Y mira que apenas nos conocíamos y ya la vida urdía lo necesario para desencontrarnos minuciosamente. Como no sabías disimular me di cuenta en seguida de que para verte como yo quería era necesario empezar por cerrar los ojos, y entonces primero cosas como estrellas amarillas (moviéndose en una jalea de terciopelo), luego saltos rojos del humor y de las horas, ingreso paulatino en un mundo – Maga que era la torpeza y la confusión pero también helechos con la firma de la arena Klee, el circo Miró, los espejos de ceniza Vieira da Silva, un mundo donde te movías como un caballo de ajedrez que se moviera como una torre que se moviera como un alfil.

Julio Cortázar, Rayuela

Hace ya un mes que regresé de Buenos Aires, esa ciudad tan parecida y a la vez tan distinta a Madrid que vio nacer a algunos de los escritores más importantes del siglo XX.

Soy de esas personas que, cuando viajan, les gusta empaparse de la cultura local, absorberla; en este caso, beber Fernet con cola en algún bar de Palermo o compartir mate con un desconocido. Tengo ese afán que me hace mundano, un poco lanzado y permisivo en la inquietud. Pero no, no he venido a hablarles de mí, aunque a veces me resulte inevitable. Hoy vengo a tratar de transmitir los sentimientos que tengo, las sensaciones que me enamoran y que me provocan el deseo de comunicarlas a través de la escritura.

Siempre he sido un admirador acérrimo de Julio Cortázar. Pienso que el escritor bonaerense combinaba a la perfección fantasía y realidad, en una prosa que puede complicarse a gusto del consumidor y leerse entre líneas para descifrar al verdadero genio que se esconde dentro. Una persona desolada, surrealista, que buscaba cambiar el rumbo de la literatura y que impulsó, hasta cotas insospechables, el Boom de la literatura latinoamericana. El reconocimiento conseguido por Gabo y Vargas Llosa al recibir el premio Nobel de Literatura no pudo ser saboreado ni por Cortázar ni por Borges, probablemente los escritores argentinos más influyentes de la época.

¿Cómo pudo pasar?

Hay cosas inexplicables; asuntos muy cuestionables.

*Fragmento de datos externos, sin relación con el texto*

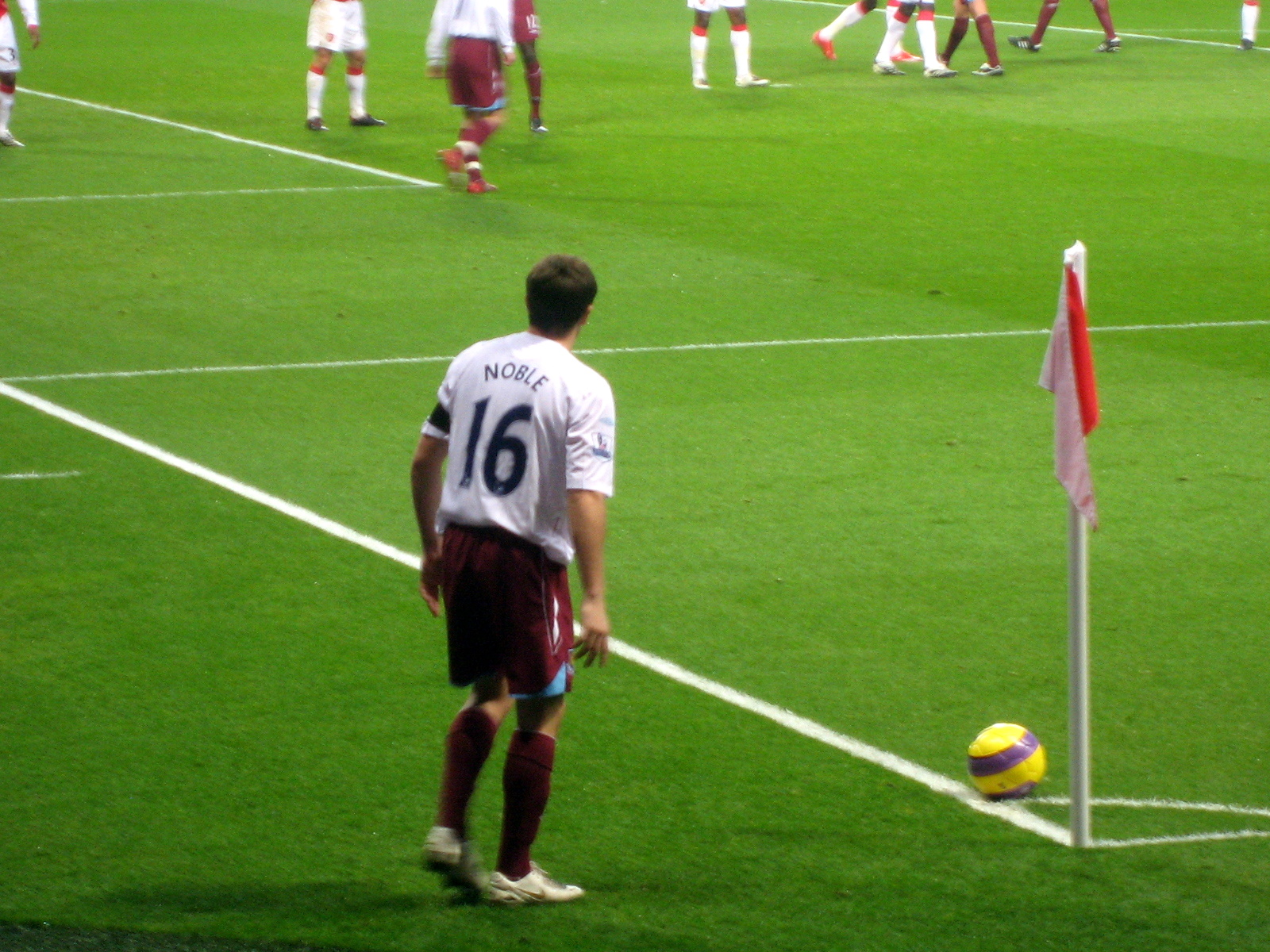 Mark Noble takes a corner against Arsenal

Desde que leyera por primera vez Rayuela en mi época escolar y sin apenas criterio —no es que ahora ande sobrado, pero sé defenderme y argumentar imposibles—- tuve mi primer flechazo con el personaje de la Maga, pieza clave en la historia. La Maga es una mujer frágil, que se mueve por emociones en un mundo racional en el que predomina el saber. Tierna, inocente, intuitiva… En fin, todos esos atributos que envuelven la pasión en detrimento de lo éticamente correcto. Aun así, la Maga se siente ignorante entre los integrantes de un club de intelectuales que la admiran por su incoherencia.

De esta forma, Cortázar nos introducía en las bases del surrealismo, de las sombras, las contradicciones y aquellas dudas que atormentan a los que se plantean la existencia humana.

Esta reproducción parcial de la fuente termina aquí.